What the task requires
An exact copy is required of the lines running from the one that contains "旧文化センター内にあった郷土" to the end of the material, both ends included, with pictures omitted.

Given material below:

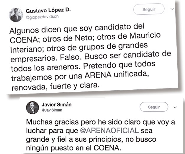 Una lucha por el control del Consejo Ejecutivo Nacional de Arena (Coena) se está dando en Alianza Republicana Nacionalista (Arena), de acuerdo a fuentes del partido de derecha y a expresiones en redes sociales que líderes del instituto político.
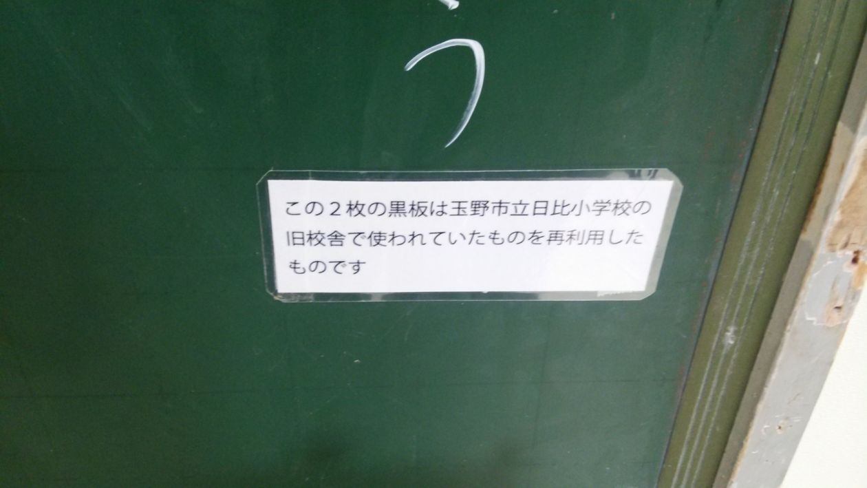 旧文化センター内にあった郷土資料展示室の展示品は倉庫に片付けられたままのようですが、この黒板も一緒に片付けてあるのでしょうか。
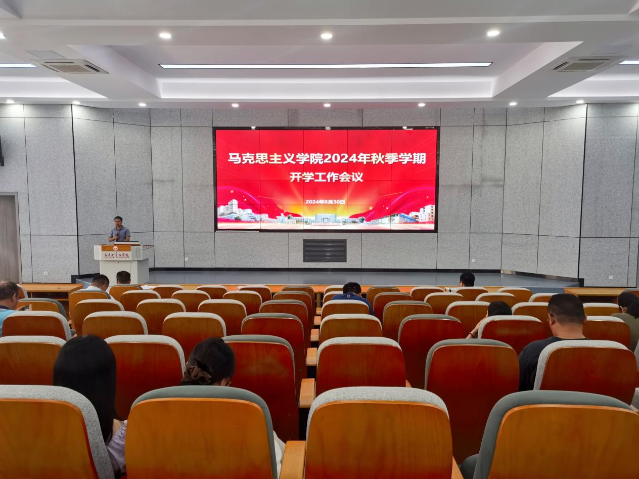 为保障新学期学院各项工作平稳有序开展,8月30日,马克思主义学院2024年秋季学期开学工作会议在文昌校区虚拟仿真思政教学体验中心召开。会议全面回顾总结暑期学院相关工作,统筹安排部署新学期重点工作。会议由学院党委副书记、院长戚杰强主持,学院全体教职工参加会议。

End of Given material.

Answer to this problem
 旧文化センター内にあった郷土資料展示室の展示品は倉庫に片付けられたままのようですが、この黒板も一緒に片付けてあるのでしょうか。
 为保障新学期学院各项工作平稳有序开展,8月30日,马克思主义学院2024年秋季学期开学工作会议在文昌校区虚拟仿真思政教学体验中心召开。会议全面回顾总结暑期学院相关工作,统筹安排部署新学期重点工作。会议由学院党委副书记、院长戚杰强主持,学院全体教职工参加会议。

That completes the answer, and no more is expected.